Closed
Description
Versions
pd.show_versions()
INSTALLED VERSIONS
------------------
commit : f2c8480af2f25efdbd803218b9d87980f416563e
python : 3.8.7.final.0
python-bits : 64
OS : Windows
OS-release : 10
Version : 10.0.18362
machine : AMD64
processor : Intel64 Family 6 Model 142 Stepping 12, GenuineIntel
byteorder : little
LC_ALL : None
LANG : None
LOCALE : English
pandas : 1.2.3
numpy : 1.19.5
pytz : 2021.1
dateutil : 2.8.1
pip : 21.0.1
setuptools : 49.2.1
Cython : None
pytest : 6.2.2
hypothesis : None
sphinx : None
blosc : None
feather : None
xlsxwriter : None
lxml.etree : None
html5lib : None
pymysql : None
psycopg2 : None
jinja2 : 2.11.3
IPython : 7.21.0
pandas_datareader: None
bs4 : None
bottleneck : None
fsspec : None
fastparquet : None
gcsfs : None
matplotlib : None
numexpr : None
odfpy : None
openpyxl : None
pandas_gbq : None
pyarrow : 3.0.0
pyxlsb : None
s3fs : None
scipy : 1.6.1
sqlalchemy : None
tables : None
tabulate : None
xarray : None
xlrd : None
xlwt : None
numba : None
Description
When doing a groupby and then a fillna on a column of dtype StringDType, pandas throws a ValueError: StringArray requires a sequence of strings or pandas.NA
. This does not seem to happen with other (extension) dtypes afaik.

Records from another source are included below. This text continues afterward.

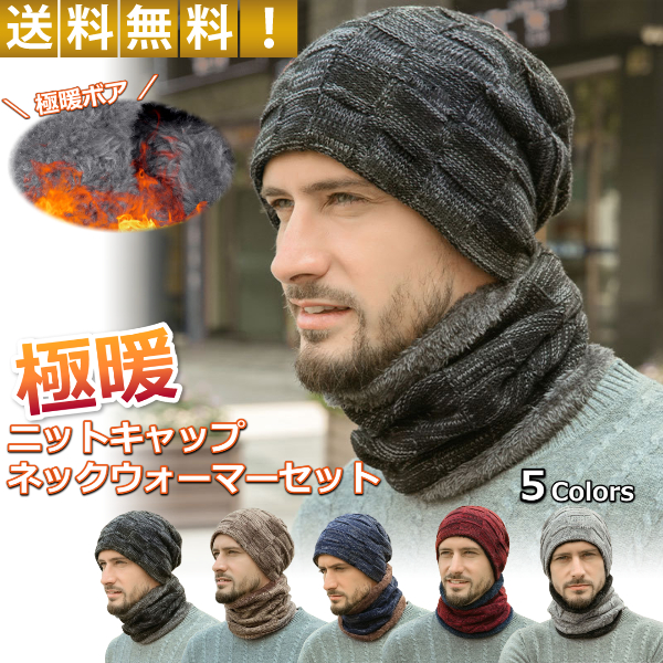 ニット帽+ネックウォーマー 2点セット
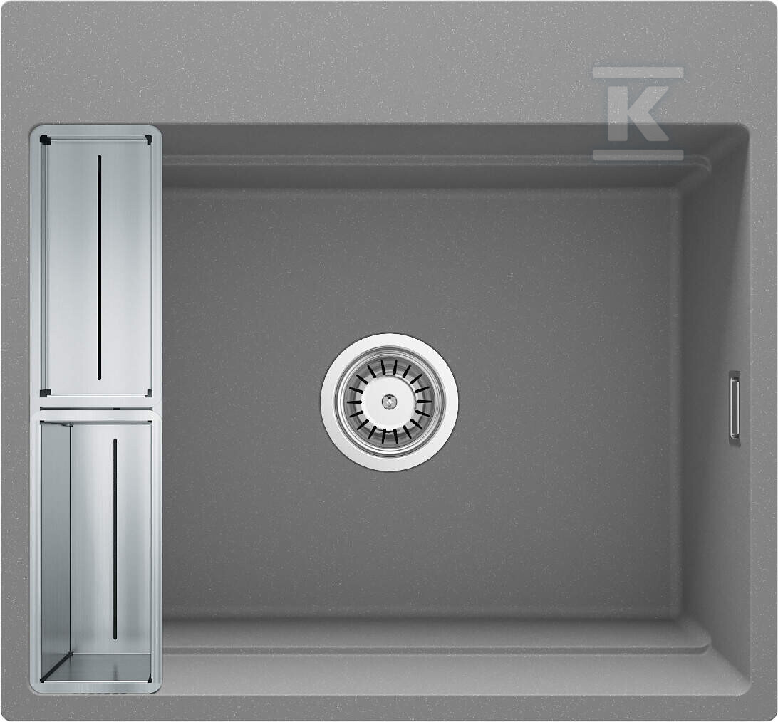 Мийка гранітна магнітна Magnetic, сірий металік, 1-камерна 560x520x220 мм + аксесуари Space-Saver Click ZRM_S10A
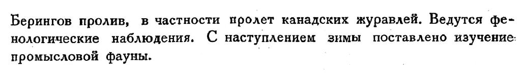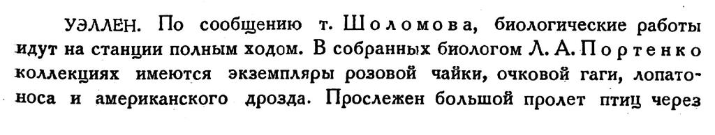 УЭЛЛЕН. По сообщению т. Шоломова, биологические работы идут на станции полным ходом. В собранных биологом Л. А. Портенко коллекциях имеются экземпляры розовой чайки, очковой гаги, лопатоноса и американского дрозда. Прослежен большой пролет птиц через Берингов пролив, в частности пролет канадских журавлей. Ведутся фенологические наблюдения. С наступлением зимы поставлено изучение^ промысловой фауны.
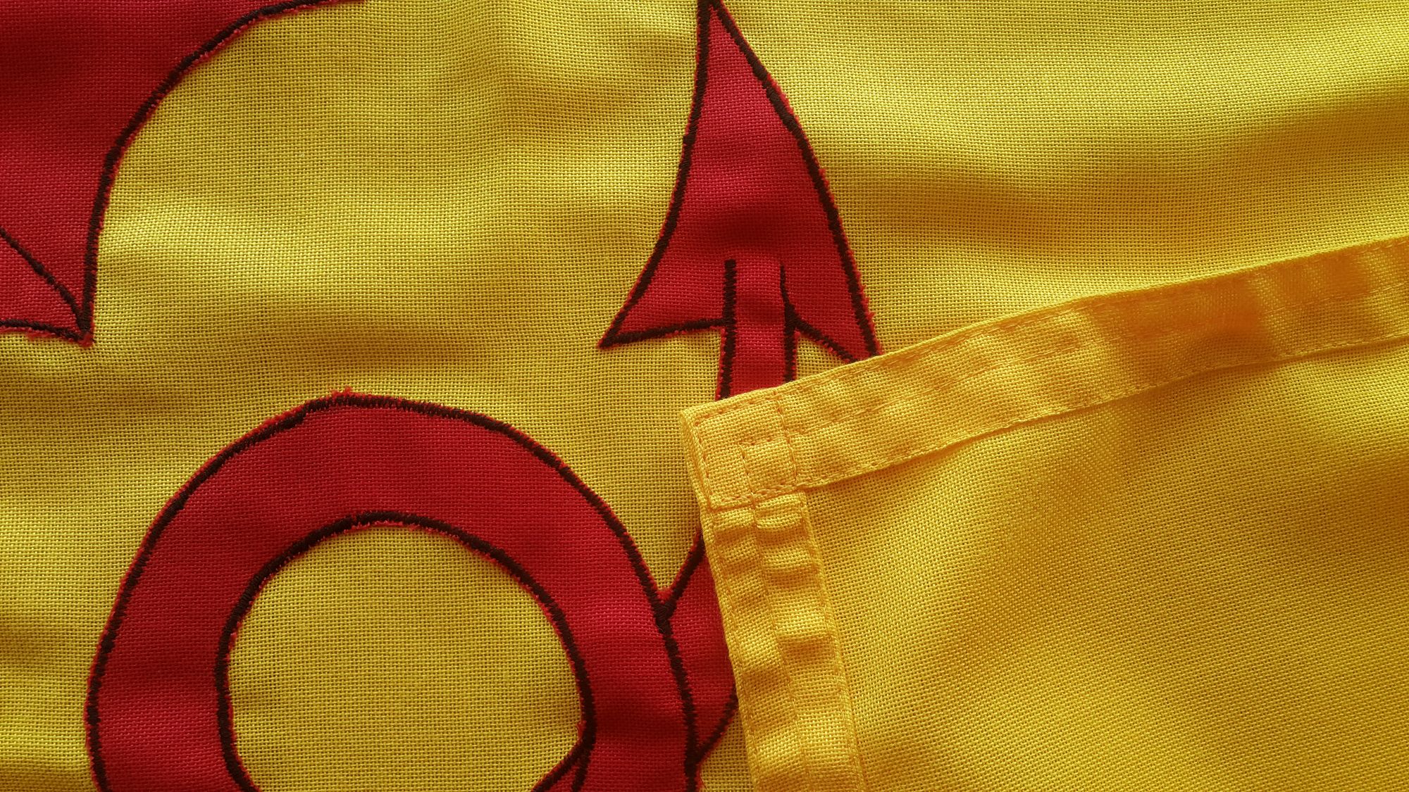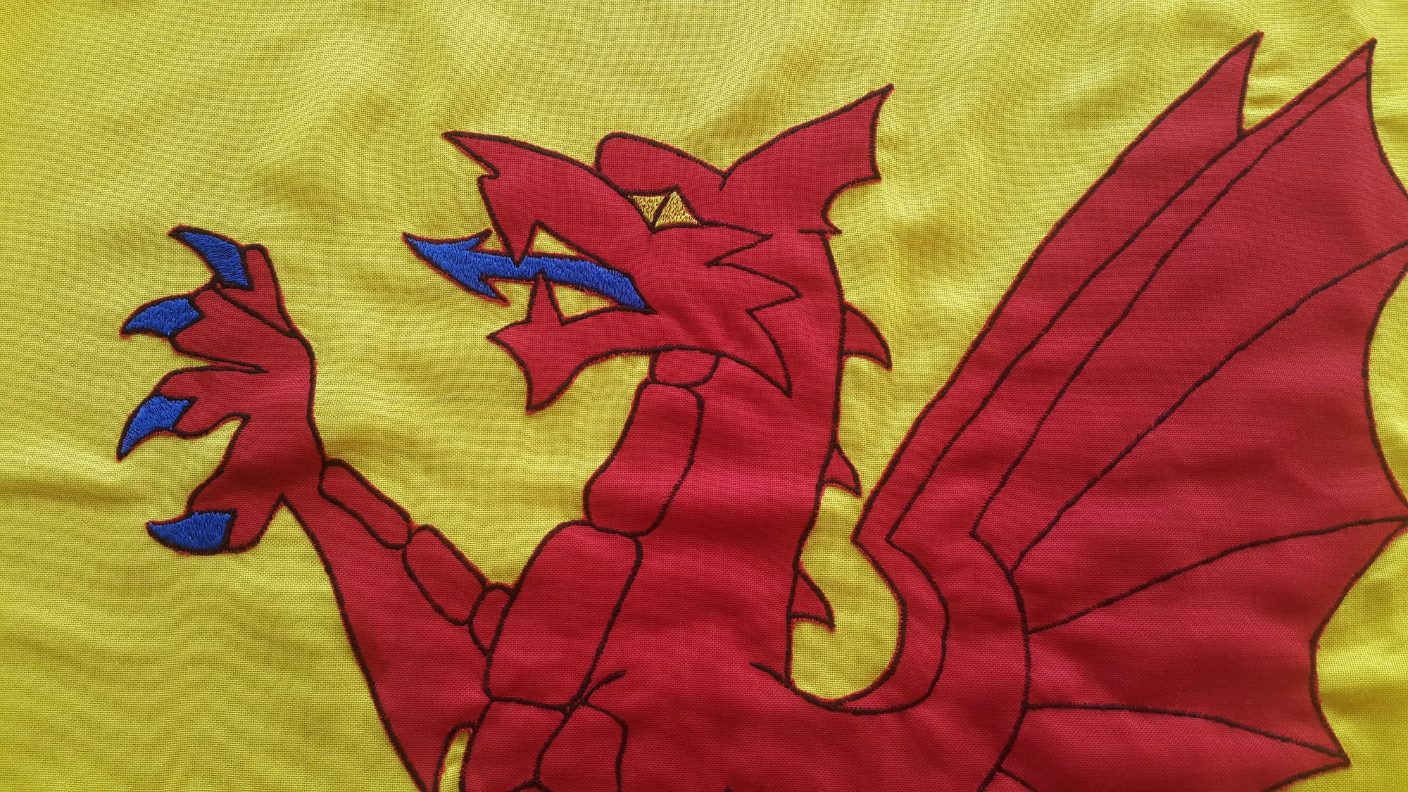 Red dragon rampant hand embroidered on both sides of flag. Flag is sewn around multiple times using UK 'COATS' manufactured bonded nylon thread. The latter has superior abrasion resistance compared to generic cotton or core spun threads.
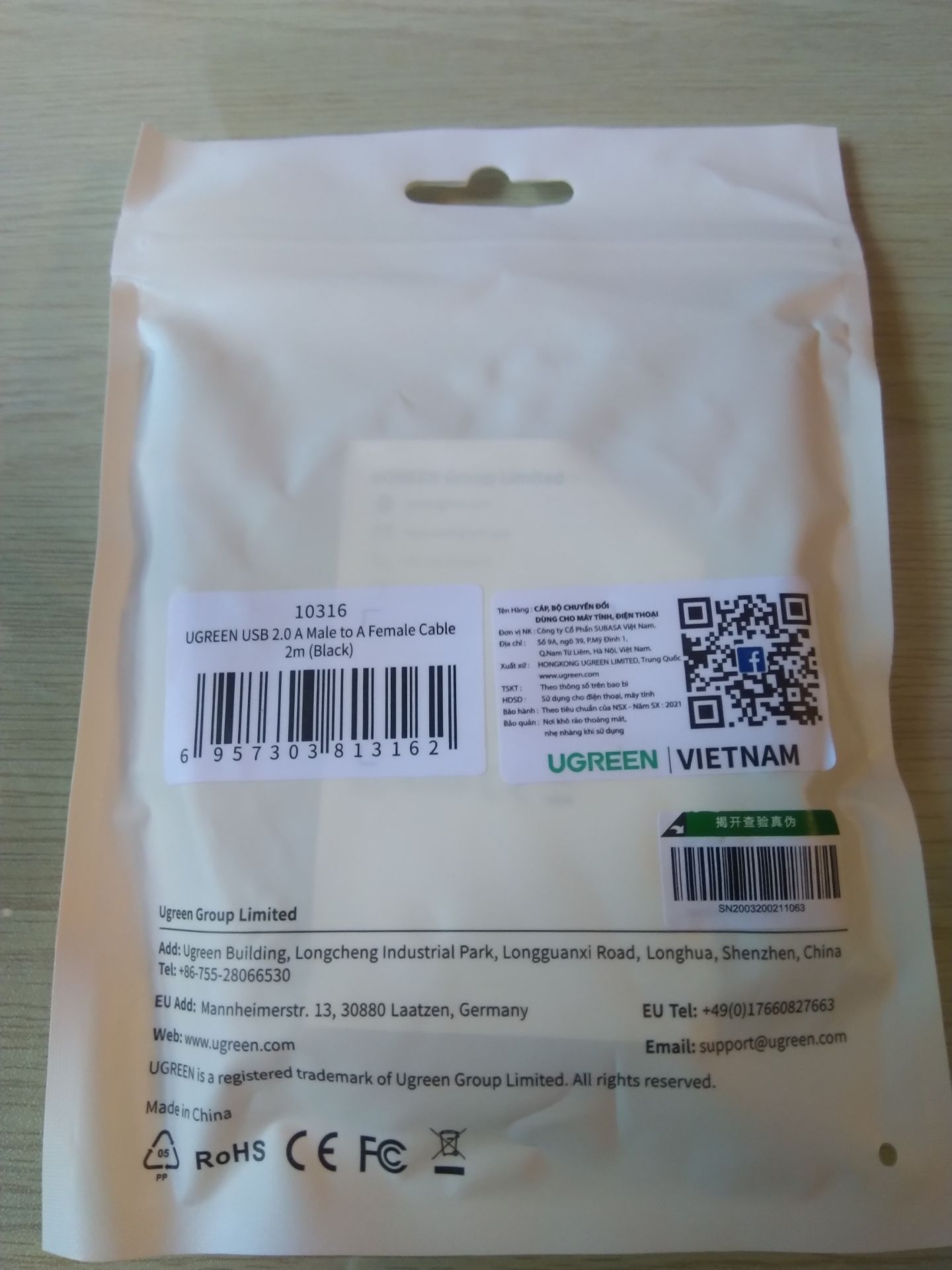 Thông số kỹ thuật Dây nối dài USB 2.0 (1 đầu đực, 1 đầu cái) dài 2m UGREEN US103 10316 - Hàng Chính Hãng

The error only occurs if there are still NAs left after the fillna
. It does not occur without the groupby
.
Example
>> pd.DataFrame({"a": pd.array([None, "a"], dtype="string"), "b": [0, 0]}).groupby("b").ffill()
Traceback (most recent call last):
File "C:\venv\lib\site-packages\IPython\core\interactiveshell.py", line 3437, in run_code
exec(code_obj, self.user_global_ns, self.user_ns)
File "<ipython-input-22-a665c967b563>", line 1, in <module>
pd.DataFrame({"a": pd.array([None, "a"], dtype="string"), "b": [0, 0]}).groupby("b").ffill()
File "C:\venv\lib\site-packages\pandas\core\groupby\groupby.py", line 1953, in pad
return self._fill("ffill", limit=limit)
File "C:\venv\lib\site-packages\pandas\core\groupby\groupby.py", line 1919, in _fill
return self._get_cythonized_result(
File "C:\venv\lib\site-packages\pandas\core\groupby\groupby.py", line 2673, in _get_cythonized_result
result = algorithms.take_nd(values, result)
File "C:\venv\lib\site-packages\pandas\core\algorithms.py", line 1699, in take_nd
return arr.take(indexer, fill_value=fill_value, allow_fill=allow_fill)
File "C:\venv\lib\site-packages\pandas\core\arrays\_mixins.py", line 78, in take
return self._from_backing_data(new_data)
File "C:\venv\lib\site-packages\pandas\core\arrays\numpy_.py", line 190, in _from_backing_data
return type(self)(arr)
File "C:\venv\lib\site-packages\pandas\core\arrays\string_.py", line 195, in __init__
self._validate()
File "C:\venv\lib\site-packages\pandas\core\arrays\string_.py", line 200, in _validate
raise ValueError("StringArray requires a sequence of strings or pandas.NA")
ValueError: StringArray requires a sequence of strings or pandas.NA
>> pd.DataFrame({"a": pd.array(["a", None], dtype="string"), "b": [0, 0]}).groupby("b").ffill()
Out[31]:
a
0 a
1 a
Edit: Updated pandas, still an issue in 1.2.3